» **STORED DATA**:
----------------
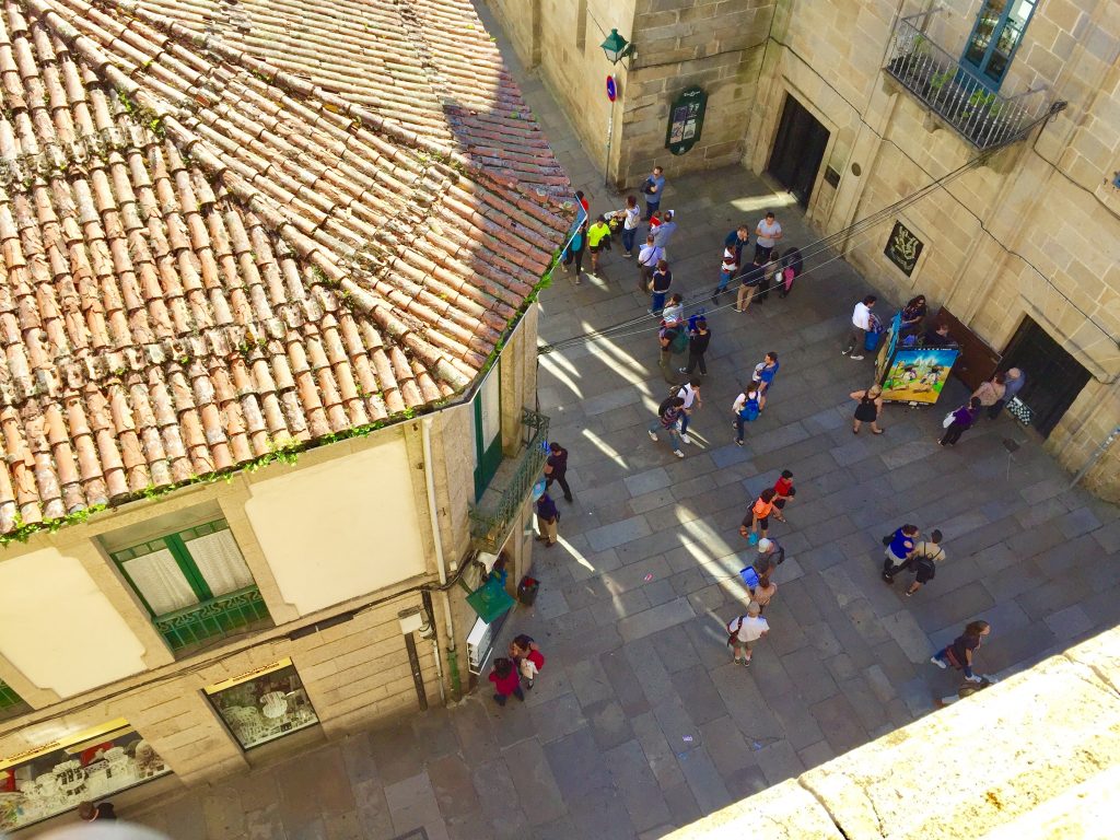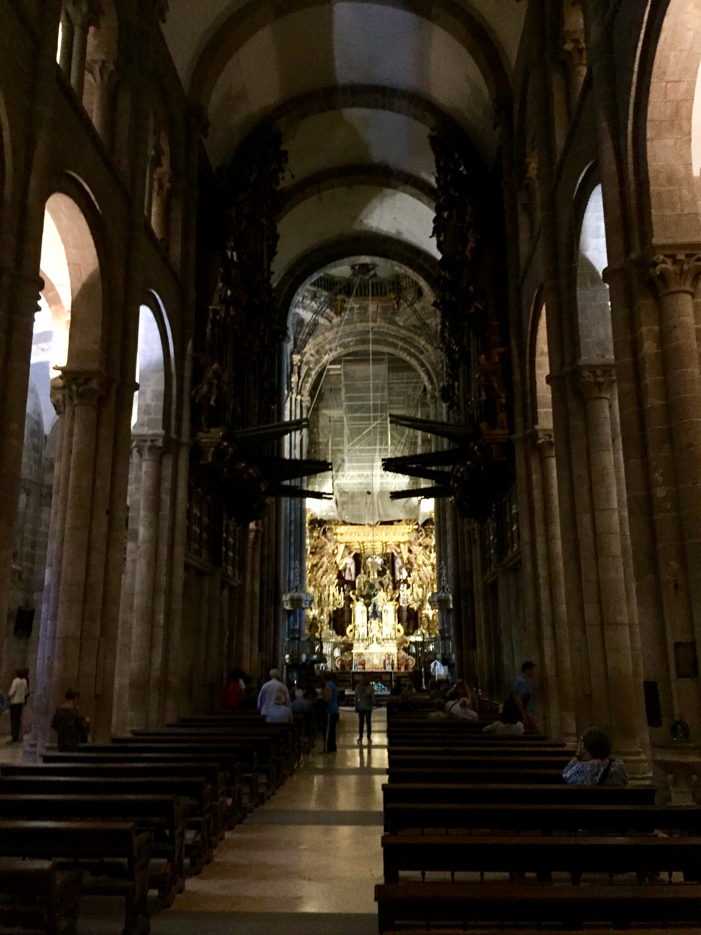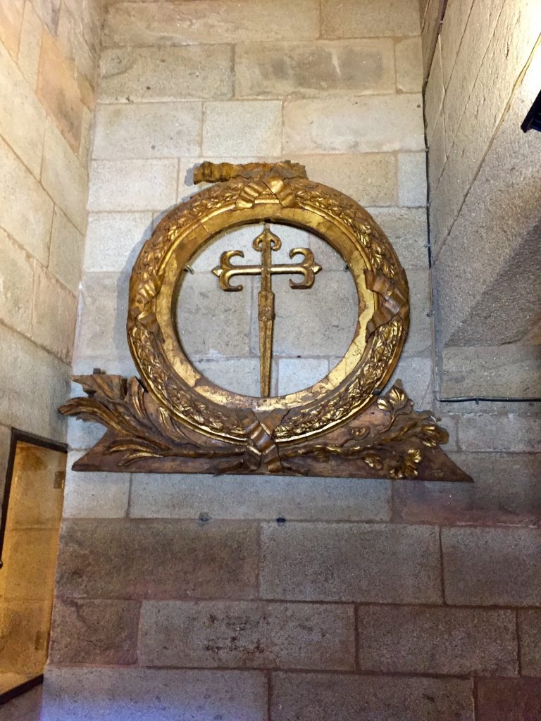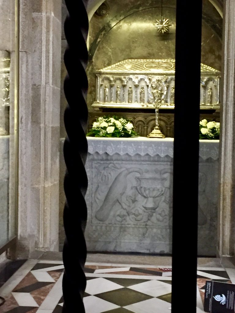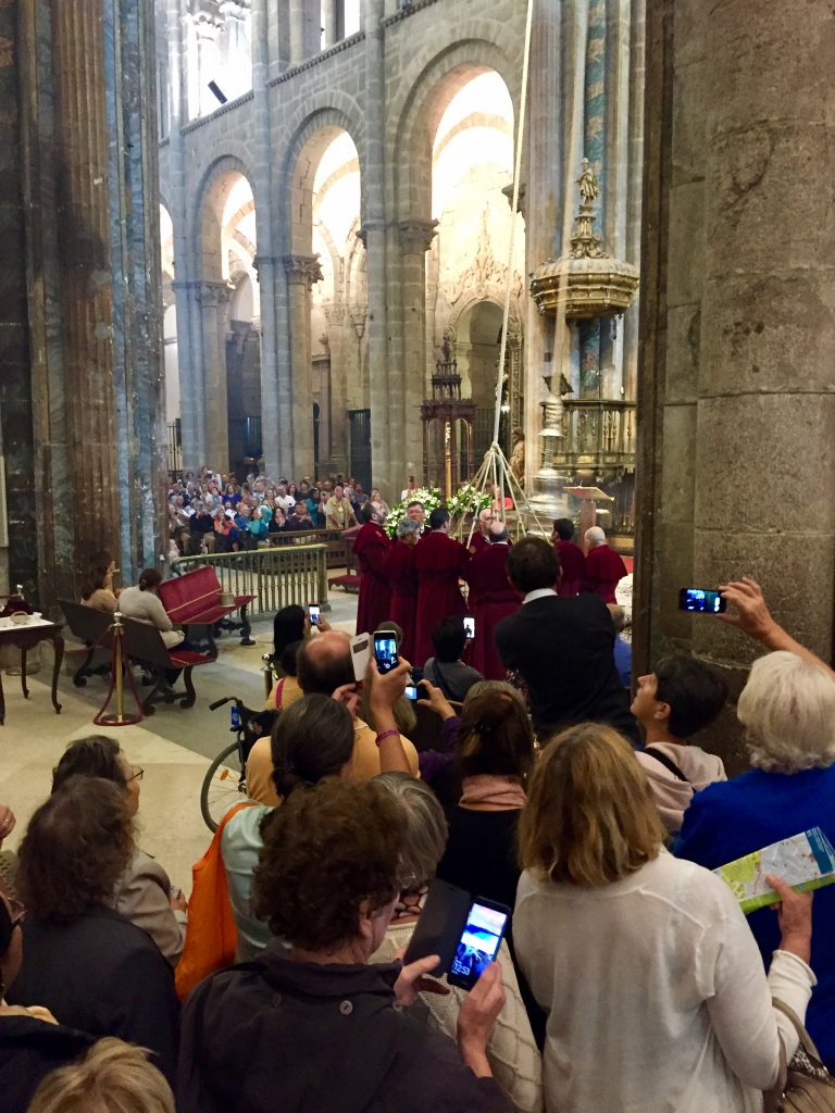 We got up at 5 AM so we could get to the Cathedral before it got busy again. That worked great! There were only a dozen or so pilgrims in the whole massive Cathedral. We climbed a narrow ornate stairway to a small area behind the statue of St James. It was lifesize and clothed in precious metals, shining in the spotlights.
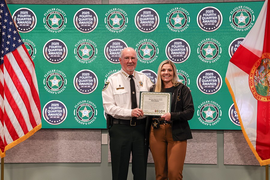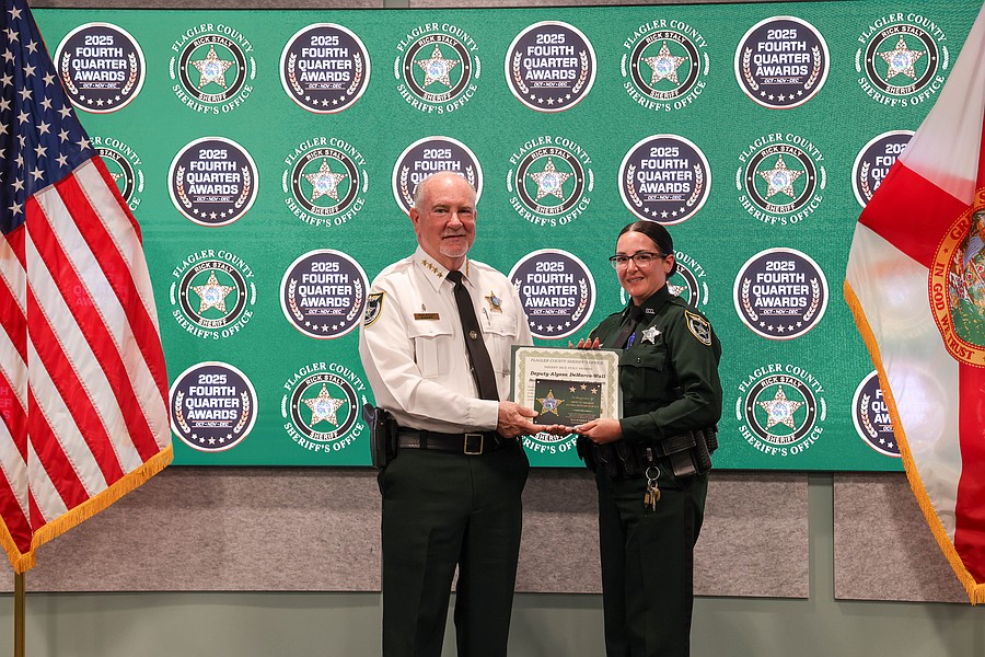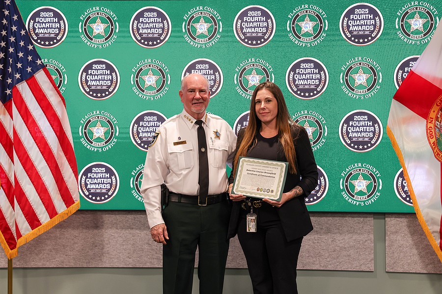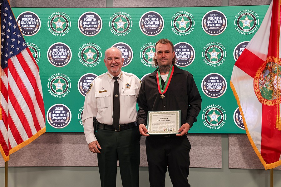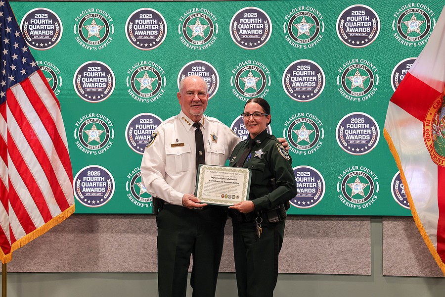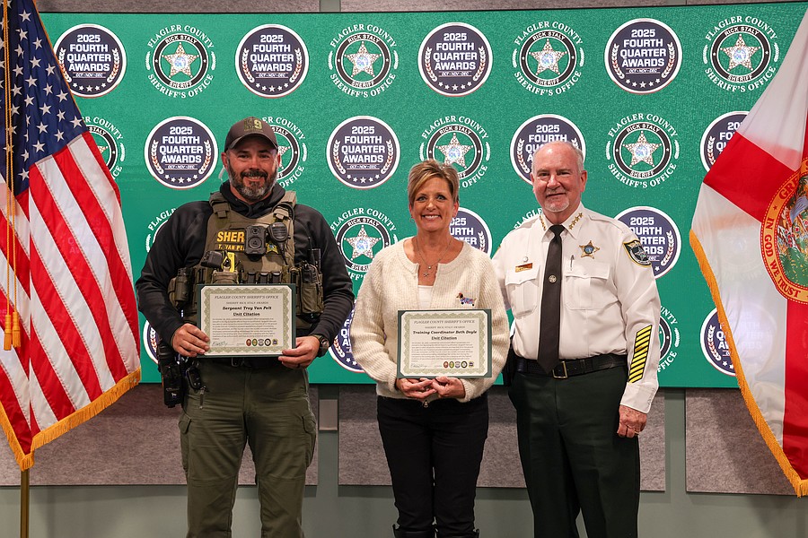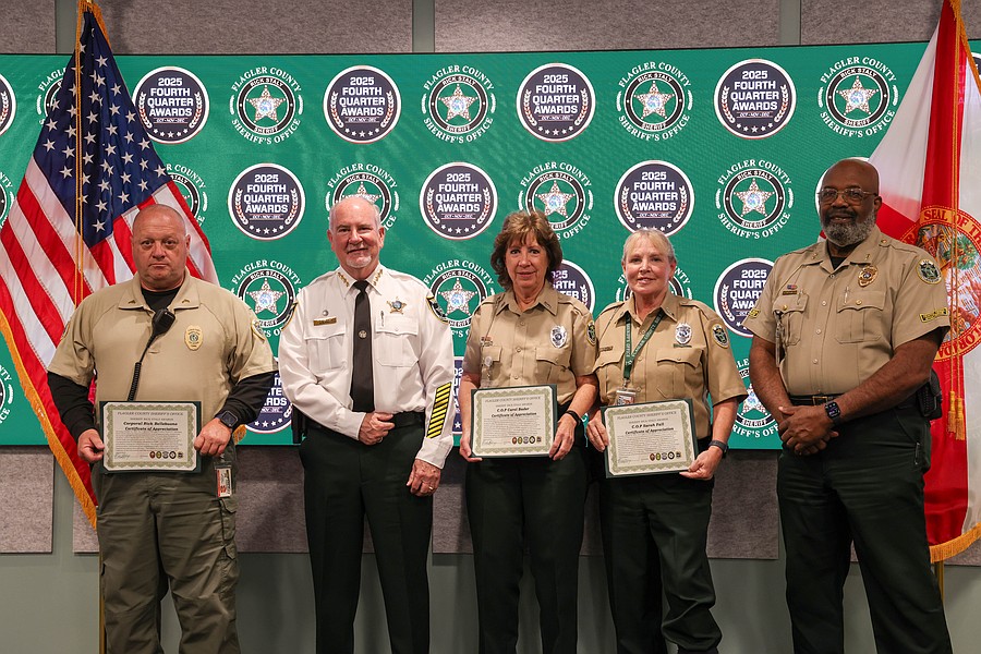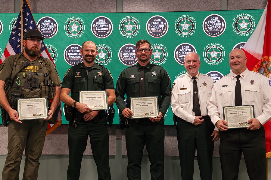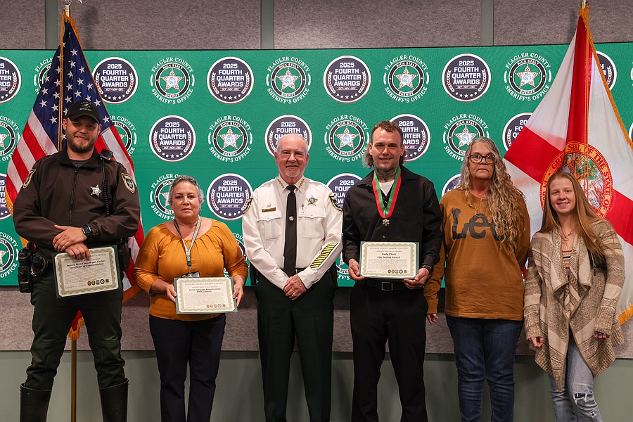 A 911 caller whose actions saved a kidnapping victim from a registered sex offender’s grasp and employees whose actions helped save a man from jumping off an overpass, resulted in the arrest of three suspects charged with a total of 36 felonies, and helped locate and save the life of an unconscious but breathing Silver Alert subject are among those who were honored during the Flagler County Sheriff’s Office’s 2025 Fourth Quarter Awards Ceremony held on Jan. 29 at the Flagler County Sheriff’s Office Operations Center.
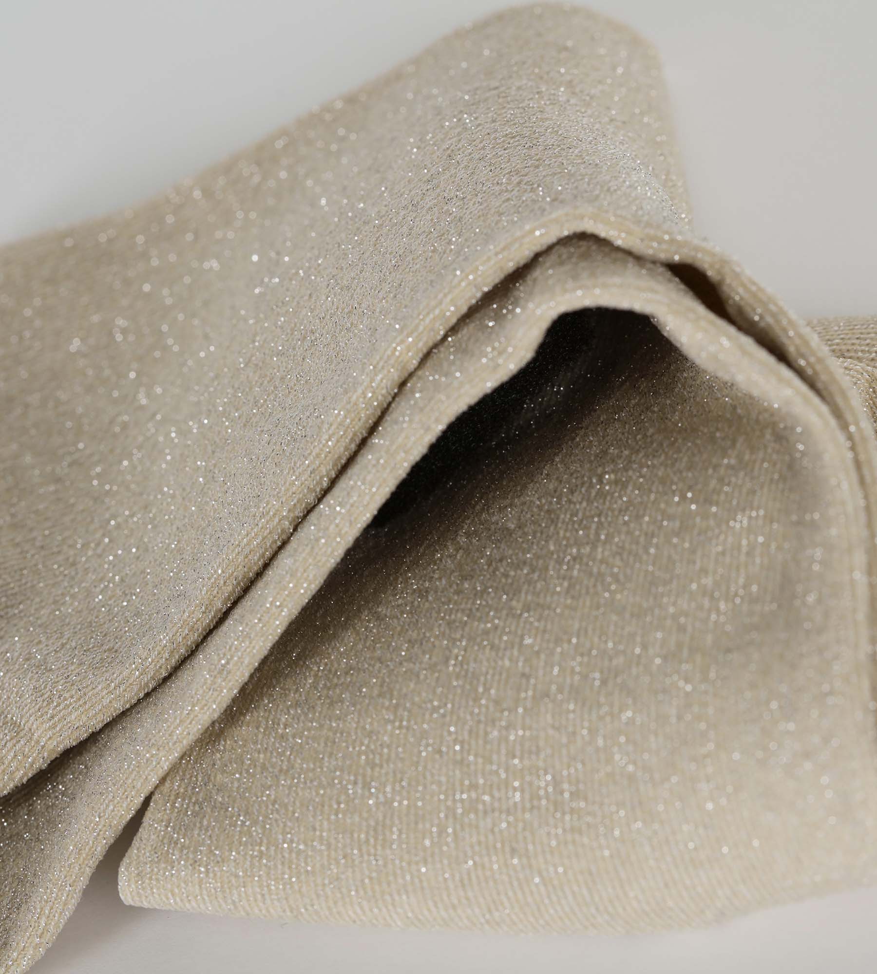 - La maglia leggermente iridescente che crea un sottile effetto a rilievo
----------------
» **EXERCISE DETAILS**: All lines of the material above should be returned unchanged, but no pictures should be included.

» **RESULT OF THIS TASK**:
 We got up at 5 AM so we could get to the Cathedral before it got busy again. That worked great! There were only a dozen or so pilgrims in the whole massive Cathedral. We climbed a narrow ornate stairway to a small area behind the statue of St James. It was lifesize and clothed in precious metals, shining in the spotlights.
 A 911 caller whose actions saved a kidnapping victim from a registered sex offender’s grasp and employees whose actions helped save a man from jumping off an overpass, resulted in the arrest of three suspects charged with a total of 36 felonies, and helped locate and save the life of an unconscious but breathing Silver Alert subject are among those who were honored during the Flagler County Sheriff’s Office’s 2025 Fourth Quarter Awards Ceremony held on Jan. 29 at the Flagler County Sheriff’s Office Operations Center.
 - La maglia leggermente iridescente che crea un sottile effetto a rilievo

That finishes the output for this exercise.